ECLI:NL:RVS:2023:1467
Raad van State
- Voorlopige voorziening
- Rechtspraak.nl
Voorlopige voorziening in asielzaak tegen staatssecretaris van Justitie en Veiligheid
Op 12 april 2023 heeft de voorzieningenrechter van de Afdeling bestuursrechtspraak van de Raad van State uitspraak gedaan in een zaak waarin de staatssecretaris van Justitie en Veiligheid een verzoek om een voorlopige voorziening had ingediend. Dit verzoek volgde op een eerdere uitspraak van de rechtbank Den Haag, die op 3 april 2023 de besluiten van de staatssecretaris om aanvragen van vreemdelingen voor een verblijfsvergunning asiel niet in behandeling te nemen, had vernietigd. De rechtbank had bepaald dat de staatssecretaris nieuwe besluiten moest nemen met inachtneming van haar uitspraak.

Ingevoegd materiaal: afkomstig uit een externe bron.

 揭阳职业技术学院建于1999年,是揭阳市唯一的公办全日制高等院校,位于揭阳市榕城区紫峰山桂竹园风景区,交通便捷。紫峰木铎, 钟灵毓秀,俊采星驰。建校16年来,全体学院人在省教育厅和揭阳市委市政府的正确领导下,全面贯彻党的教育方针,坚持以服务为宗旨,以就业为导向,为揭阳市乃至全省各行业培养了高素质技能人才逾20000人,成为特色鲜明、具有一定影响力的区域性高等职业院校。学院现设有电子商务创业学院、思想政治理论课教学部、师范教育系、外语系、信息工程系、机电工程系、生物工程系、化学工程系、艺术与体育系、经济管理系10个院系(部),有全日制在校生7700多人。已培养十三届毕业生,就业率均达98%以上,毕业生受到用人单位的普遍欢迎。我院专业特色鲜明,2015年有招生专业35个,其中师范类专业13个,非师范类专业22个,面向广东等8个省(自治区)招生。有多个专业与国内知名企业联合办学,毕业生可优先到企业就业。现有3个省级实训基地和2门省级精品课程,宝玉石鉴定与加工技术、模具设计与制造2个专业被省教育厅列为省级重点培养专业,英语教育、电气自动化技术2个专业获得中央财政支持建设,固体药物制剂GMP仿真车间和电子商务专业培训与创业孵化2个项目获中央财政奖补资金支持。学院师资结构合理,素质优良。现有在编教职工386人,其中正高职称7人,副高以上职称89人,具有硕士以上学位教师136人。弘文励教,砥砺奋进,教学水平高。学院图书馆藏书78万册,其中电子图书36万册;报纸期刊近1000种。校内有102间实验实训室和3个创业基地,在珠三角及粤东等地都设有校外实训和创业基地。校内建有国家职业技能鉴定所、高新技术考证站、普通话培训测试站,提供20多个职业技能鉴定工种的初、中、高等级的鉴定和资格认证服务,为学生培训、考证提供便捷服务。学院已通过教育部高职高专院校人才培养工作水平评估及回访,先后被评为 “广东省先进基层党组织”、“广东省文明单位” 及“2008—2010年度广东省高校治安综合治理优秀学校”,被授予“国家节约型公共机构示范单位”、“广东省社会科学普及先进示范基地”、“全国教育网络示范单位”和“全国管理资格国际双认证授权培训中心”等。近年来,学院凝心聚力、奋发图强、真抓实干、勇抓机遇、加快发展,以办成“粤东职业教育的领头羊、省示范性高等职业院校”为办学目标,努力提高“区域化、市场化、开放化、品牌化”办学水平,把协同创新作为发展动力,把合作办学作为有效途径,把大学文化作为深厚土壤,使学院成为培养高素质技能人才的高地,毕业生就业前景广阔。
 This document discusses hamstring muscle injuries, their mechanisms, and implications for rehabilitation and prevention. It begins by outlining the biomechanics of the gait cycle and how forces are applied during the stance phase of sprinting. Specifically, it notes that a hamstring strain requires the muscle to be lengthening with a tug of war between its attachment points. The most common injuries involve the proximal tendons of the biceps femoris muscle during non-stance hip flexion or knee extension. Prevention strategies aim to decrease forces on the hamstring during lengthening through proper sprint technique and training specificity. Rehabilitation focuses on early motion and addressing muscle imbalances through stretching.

De staatssecretaris verzocht de voorzieningenrechter om te bepalen dat hij de uitspraak van de rechtbank niet hoefde uit te voeren totdat de Afdeling op zijn hoger beroep had beslist. De voorzieningenrechter heeft de belangen van zowel de staatssecretaris als de vreemdelingen in overweging genomen en besloten om de voorlopige voorziening te treffen. Dit houdt in dat de staatssecretaris geen uitvoering hoeft te geven aan de uitspraak van de rechtbank totdat er een beslissing is genomen over het hoger beroep.
De voorzieningenrechter heeft ook bepaald dat de staatssecretaris geen proceskosten hoeft te vergoeden. De uitspraak is openbaar uitgesproken op 12 april 2023, en de voorzieningenrechter was mr. C.C.W. Lange, bijgestaan door griffier mr. E. de Groot.